Severed Trajectories Using Trackmate

Hi, before I address my problem I want to say that I appreciate your efforts developing and answering the possible solutions to the community’s issues.

To give you a little perspective, we are working with a sessile droplet and we are currently addressing our efforts trying to reconstruct the internal flow of the droplet over time; evaporation, symmetry of the droplet, thermodynamic conditions, among others are parameters that are not easy to stabilize and they have an impact in our observations.

Its an outstanding complicated problem trying to resolve the internal flows that we are addressing with an experimental equipment developed in our lab. Our experiments are made with a droplet that has 1mm of diameter and 1 micron fluorescent particles at a given density. The microscope is capable of recording 3D+t images using a piezoelectric device coupled to the objective that changes the height of the focal plane.

In regards to the trajectories obtained using the trackmate, we stumbled to the problem that the trajectories are severed at least once for an important percentage of the particles. We have tried to preprocess our images but we cannot get rid of the problem, some of the transformations we have tried are the FFT bandpass, deconvolution, contrast enhancement, combination of these routines and the results does not improve.

The parameters selected to run the trackmate were:

-DoG of radius of 2 and 3 pixels and not sub-pixel localization

-The LAP Tracker with a Max Distance of 30 pixels and not allowing Gap Closing, Segmented Merging nor Segment Splitting.

In the images attached to this request it is shown two panels of the same particle. The right panel shows the original image and the left panel shows the resulting severed trajectory, changing from blue to green. The yellow squared is just there to highlight the particle that we are following.

In the original images, it can be seen that the particle, although it changes slightly of height (focal plane), the intensity and the area remain relatively the same, the displacement made by the particle is within the parameters selected, despite all of the above considerations, the trajectory of the particle is finished by the algorithm at t=4 and starts a new trajectory with the same particle at t=5.

We do not know what is the problem, we are trying to modify some internal parameters of the plugin but so far we haven’t been able to minimize the problem.

We are hoping that you can point to us where do you think is the problem so we can focus our efforts.

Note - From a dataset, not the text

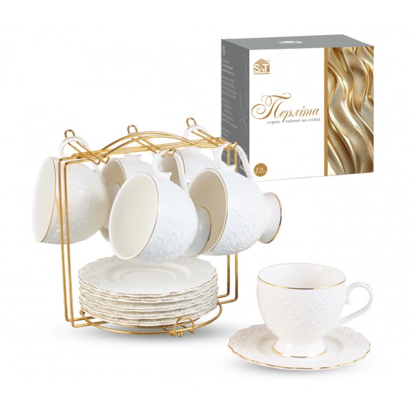 Сервіз чайний керам. 12предм. (6чаш. 260мл+6бл. 14см) "Перліта" на стійці №15220-00/S&T/(8

Here is the link to the images

Could you post the raw images somewhere we could access them? Uploading them on the forum did not work.

Oh thanks, here is the link…

I would need the raw data. On the movie capture you send, the problem is apparent but I cannot find the reason why. Indeed, tracking it gives this:


Dear Jose, dear Gabriel,

Unfortunately I cannot bring better news.

I tried fine-tuning the parameters and I met the death valley of tracking.

I thought your images would be very difficult to cope with. They are 3D objects, with a large Z dimension. The spots we want to track are about 6 pixels in diameter, but this is also the Z-spacing between your z-slices. I though we would loose them and that this large deltaZ would forbid their detection. Plus, the image apparently is not acquired with a confocal (am I correct?) as we see the defocus shadows of each spots in the z planes above and below it.

Yet, it worked rather ok, and we can detect most of the spots.

I tried then with tracking, and of course I could not get 100% perfect results.

I think it is impossible to.

In the tracking methods offered by TrackMate you have to specify a maximal search radius. This radius must be larger than the max displacement of a single spot, otherwise the tracking algorithm will break the track in two for large displacement.

At the same time, if you make this search radius too large, there are good chances that the algorithm will be confused by other spots if they are close to the target spots.

For the spots that are close to the surface of the ball, this is what happens: They move a lot, and they are very dense. So of course the tracking algorithm is confused.

I am doubtful that a tracking algorithm can give you 100% accuracy in this situation. Certainly, TrackMate does not ship the tracking algorithms that can harness your data.

My next steps would be to

  • try other tools such as the SpotTracker of Icy (

  • or depending no whether your scientific question allows for it, semi-automatically follow a few spots

  • or change the imaging conditions (fewer spots? faster imaging rate?)

Good luck.

I will post a copy of my answer to the forum in case people can comment.